Will Trump survive as President?
Impeachment: a citizen’s guide

by Cass R. Sunstein (Harvard University Press, €7)

Felix
 M.
 Larkin

 

With speculation rife about the possibility of impeaching President Trump, this little book is indeed timely.

In it, Prof. Sunstein outlines what he calls “the majesty and the mystery of impeachment in the US Constitution” – and he dispels much misunderstanding of the process. While he protests that he is “not going to speak of any current political figure”, the shadow of Donald Trump falls on almost every page.
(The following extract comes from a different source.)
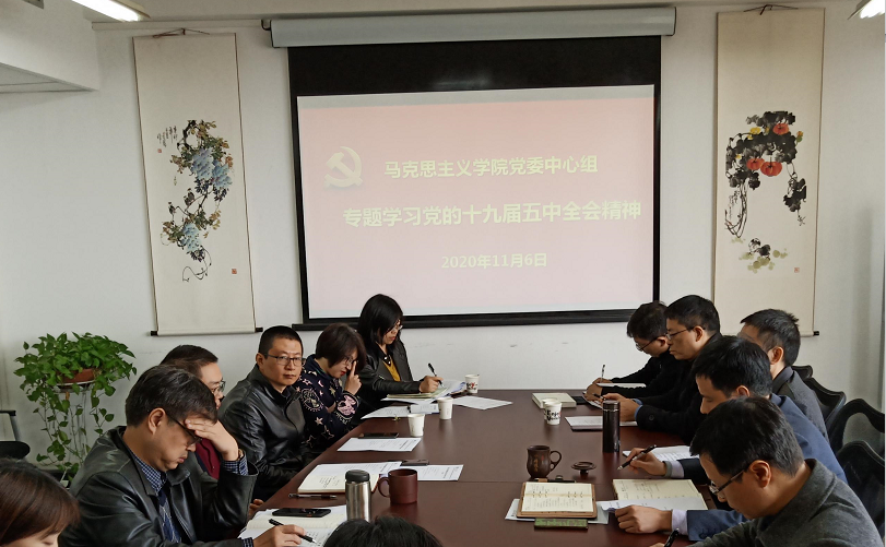 为深入学习贯彻落实党的十九届五中全会精神和习近平新时代中国特色社会主义思想,2020年11月6日上午,马克思主义学院党委理论学习中心组在慧智楼91208会议室专题学习党的十九届五中全会精神。学院党委书记、副院长宋明江同志主持会议,全体党委委员、纪委委员、党支部书记、教研部主任参加学习会。

The first point to note is that impeachment is not a conviction. It is more like an indictment. After the House of Representatives has voted to impeach a president – in effect, to lay charges against him – he is then tried by the Senate. Only if the Senate decides to convict him by a two-thirds majority is he removed from office. That, as Sunstein notes, is a very high threshold.

What can a President be impeached for? The Constitution says “treason, bribery and other high crimes and misdemeanors”, but “crimes and misdemeanors” is open to wide interpretation.

Accordingly, in relation to two of the three serious impeachment efforts against US Presidents, Sunstein concludes that the process “was an overwhelmingly partisan affair…sought and engineered by people who were determined to bring down a president they despised”. He believes this was contrary to the spirit of the Constitution.

He argues that impeachment was intended to be a mechanism to counteract “egregious abuse of presidential powers”, whether or not that involved criminal activity. It carries no criminal sanction, simply removal from office. It is designed as a bulwark against the tyrannical instincts of potentially very powerful presidents, an integral part of the framework of checks and balances that defines the US Constitution.

By this standard, Andrew Johnson – impeached in 1868 for dismissing a Cabinet officer, but acquitted by the Senate – was wrongly impeached, since it is within the president’s discretion to sack Cabinet officers.

Likewise, Bill Clinton was wrongly impeached in 1998 for perjury and obstruction of justice, since these crimes had nothing to do with the exercise of his presidential powers; he too was acquitted by the Senate.

In contrast, the effort to impeach Richard Nixon is seen by Sunstein as entirely in conformity with the Constitution because, by interfering with and attempting to frustrate the proper investigation of the Watergate scandal by the relevant government agencies, he had abused the powers of the presidency. Faced with certain impeachment by the House and probable conviction by the Senate, Nixon resigned.

As to whether Trump will be impeached, it seems to me unlikely that any attempt to remove him from office could succeed unless his “crimes and misdemeanors” are eventually revealed as so heinous that even his own party turns against him.

A future Democratic majority in the House of Representatives might well impeach him on purely partisan grounds, but a two-thirds majority to convict in the Senate is impossible unless the Republicans are shamed into abandoning him.

The message of Sunstein’s book is, however, that to impeach Trump for anything less than a serious abuse of his presidential powers would – as in the cases of Andrew Johnson and Bill Clinton – be an abuse of the impeachment powers granted to the House of Representatives under the US Constitution.

Dislike of the president and disapproval of his policies are insufficient grounds for impeachment.